▶ [The task] Exact copies of all the lines below are required, with the pictures omitted.

▶ [Source records]
=== Begin Enclosure ===

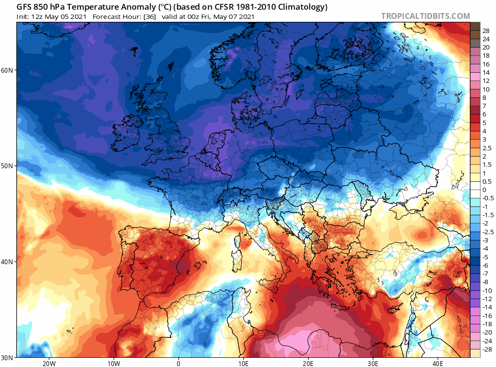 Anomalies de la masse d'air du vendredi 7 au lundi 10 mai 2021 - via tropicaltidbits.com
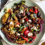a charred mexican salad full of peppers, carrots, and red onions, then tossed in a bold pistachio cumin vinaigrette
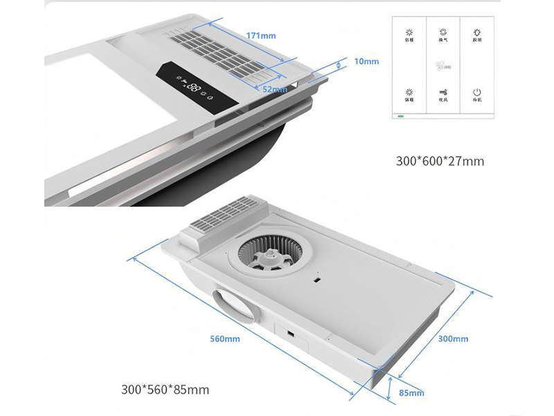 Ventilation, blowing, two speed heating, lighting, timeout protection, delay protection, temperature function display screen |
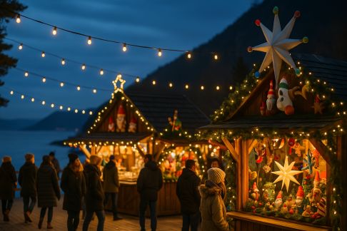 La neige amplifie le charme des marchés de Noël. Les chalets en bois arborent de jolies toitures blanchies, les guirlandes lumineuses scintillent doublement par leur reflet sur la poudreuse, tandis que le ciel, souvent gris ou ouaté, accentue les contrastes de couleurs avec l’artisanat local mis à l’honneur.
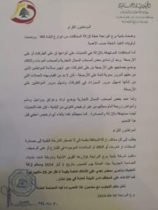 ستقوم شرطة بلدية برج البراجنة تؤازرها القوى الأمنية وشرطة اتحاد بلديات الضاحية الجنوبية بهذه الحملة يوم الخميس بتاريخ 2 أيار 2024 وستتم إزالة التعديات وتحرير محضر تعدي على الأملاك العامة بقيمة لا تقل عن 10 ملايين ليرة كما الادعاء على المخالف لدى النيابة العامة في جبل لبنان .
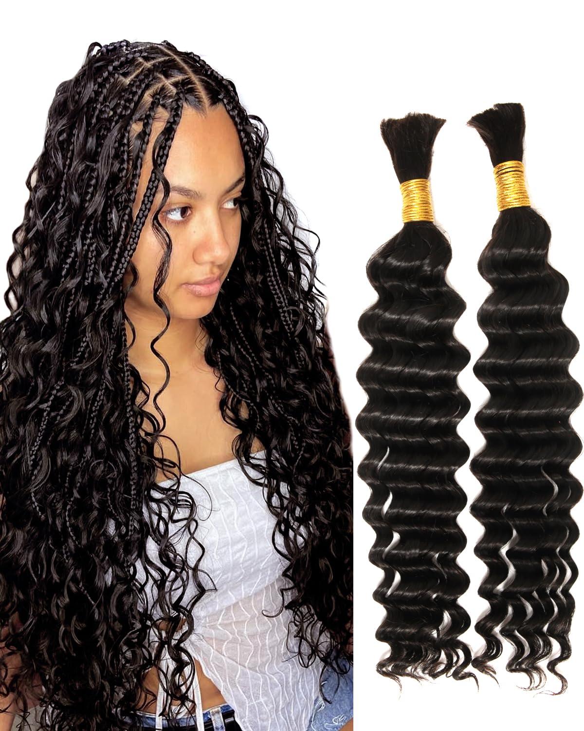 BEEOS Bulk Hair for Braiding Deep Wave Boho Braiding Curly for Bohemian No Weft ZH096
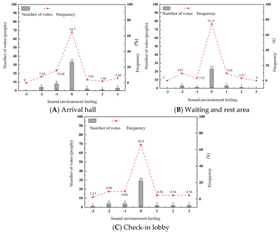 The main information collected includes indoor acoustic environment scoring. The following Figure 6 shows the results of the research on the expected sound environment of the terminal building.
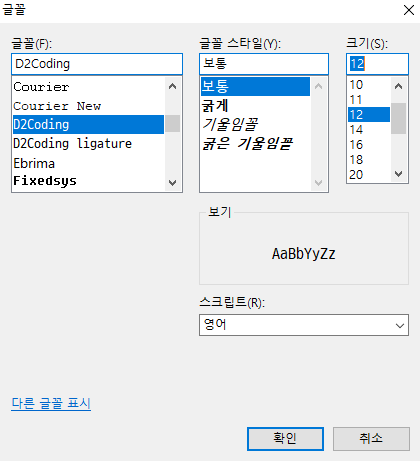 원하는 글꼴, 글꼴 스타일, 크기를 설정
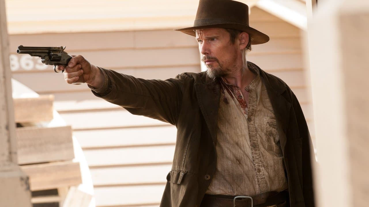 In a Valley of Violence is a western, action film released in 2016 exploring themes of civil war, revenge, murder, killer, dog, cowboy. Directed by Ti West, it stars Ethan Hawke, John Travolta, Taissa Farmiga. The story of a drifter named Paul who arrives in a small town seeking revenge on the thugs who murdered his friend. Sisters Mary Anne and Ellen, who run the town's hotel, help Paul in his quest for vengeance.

=== End Enclosure ===

▶ [Answer box]
 Anomalies de la masse d'air du vendredi 7 au lundi 10 mai 2021 - via tropicaltidbits.com
a charred mexican salad full of peppers, carrots, and red onions, then tossed in a bold pistachio cumin vinaigrette
 Ventilation, blowing, two speed heating, lighting, timeout protection, delay protection, temperature function display screen |
 La neige amplifie le charme des marchés de Noël. Les chalets en bois arborent de jolies toitures blanchies, les guirlandes lumineuses scintillent doublement par leur reflet sur la poudreuse, tandis que le ciel, souvent gris ou ouaté, accentue les contrastes de couleurs avec l’artisanat local mis à l’honneur.
 ستقوم شرطة بلدية برج البراجنة تؤازرها القوى الأمنية وشرطة اتحاد بلديات الضاحية الجنوبية بهذه الحملة يوم الخميس بتاريخ 2 أيار 2024 وستتم إزالة التعديات وتحرير محضر تعدي على الأملاك العامة بقيمة لا تقل عن 10 ملايين ليرة كما الادعاء على المخالف لدى النيابة العامة في جبل لبنان .
 BEEOS Bulk Hair for Braiding Deep Wave Boho Braiding Curly for Bohemian No Weft ZH096
 The main information collected includes indoor acoustic environment scoring. The following Figure 6 shows the results of the research on the expected sound environment of the terminal building.
 원하는 글꼴, 글꼴 스타일, 크기를 설정
 In a Valley of Violence is a western, action film released in 2016 exploring themes of civil war, revenge, murder, killer, dog, cowboy. Directed by Ti West, it stars Ethan Hawke, John Travolta, Taissa Farmiga. The story of a drifter named Paul who arrives in a small town seeking revenge on the thugs who murdered his friend. Sisters Mary Anne and Ellen, who run the town's hotel, help Paul in his quest for vengeance.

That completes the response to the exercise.